街についた後は、街中央の市役所の役割を担う建物に皆でゾロゾロとIN。
部屋に用意された椅子に全員座って、それぞれの持つ情報の整理開始である。
まず一番最初に問いかけたのはリムルだ。
「で、お前達はなんで俺らに突っかかってきたんだ?」
「……俺たちの里の仇と間違えたんだ。迷惑をかけてすまなかった」
ポツポツと語られたのは、大鬼族の里を襲撃した豚頭族の話であった。
里のものほとんどが命を落とし、助かったのはここにいる6人だけ。
弱きが弱きを喰らい合う。ユガの最後にはよく見られる光景だ。
しかしこの男の辿ってきた衝撃、絶望、喪失感は俺の目には痛いほどよく見える。
あえて言うなら子犬が酷い目に遭う映画を見ている心境か。
下界にいて辛いと思うのはこう言うのを見る時だ。
天星宮でぶらぶらしている時にはそういうのは無いから、あそこはあそこで平和だった。
その後は、リムルの提案で大鬼族がリムルの庇護下に入るかどうかの提案があった。
答えは明日でいいと言う。
それまでは宴を存分に楽しみ悔いなき選択を促すのだ。
すぐに仲良くなった桃色の髪の大鬼族とシズで、この世界における服のオシャレについて長々と語り合っていた。

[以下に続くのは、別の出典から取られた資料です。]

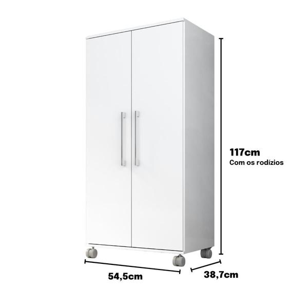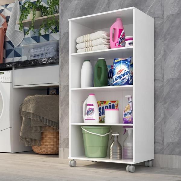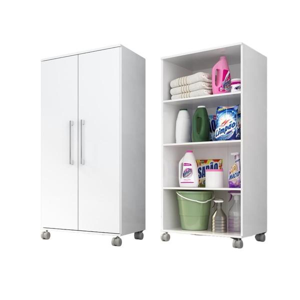 Armario Lavanderia Michele 2 Portas 4 Prateleiras 1,10m Com Rodinhas - Tonielque Móveis

まぁ、俺は大鬼族に遠巻きに見られてるんだけどね……。
せっかく桃の香りのする神酒も宴用に提供したのに、飲んでいるのはゴブリン達やリムルばかりで大鬼族はあたふたするばかりだ。
スライムなリムルの形に空中で酒が浮かんで、それを自由に掬う形にしたらゴブリン達に大好評だった。
歌えや踊れの大騒ぎが一晩続いて。
翌日の昼。
大鬼族はリムルの提案を呑んだ。
彼らはベニマル、ソウエイ、シュナ、シオン、ハクロウ、クロベエの名をもらって鬼人に進化したとのことだった。
・リムル
神の本気を肌で感じて「怖…仲間でよかった…」などと内心でホッと胸を撫で下ろしている。
これまではドラえもんだと思ってた。
・各国
ジュラの大森林に未知の強大な一瞬気配が出現し、神経を尖らせている。
魔王らあたりは「あの物凄く鷹揚なアルジュナ神を怒らせた馬鹿が出たのか?千年周期間近に?嘘だろ?」という反応。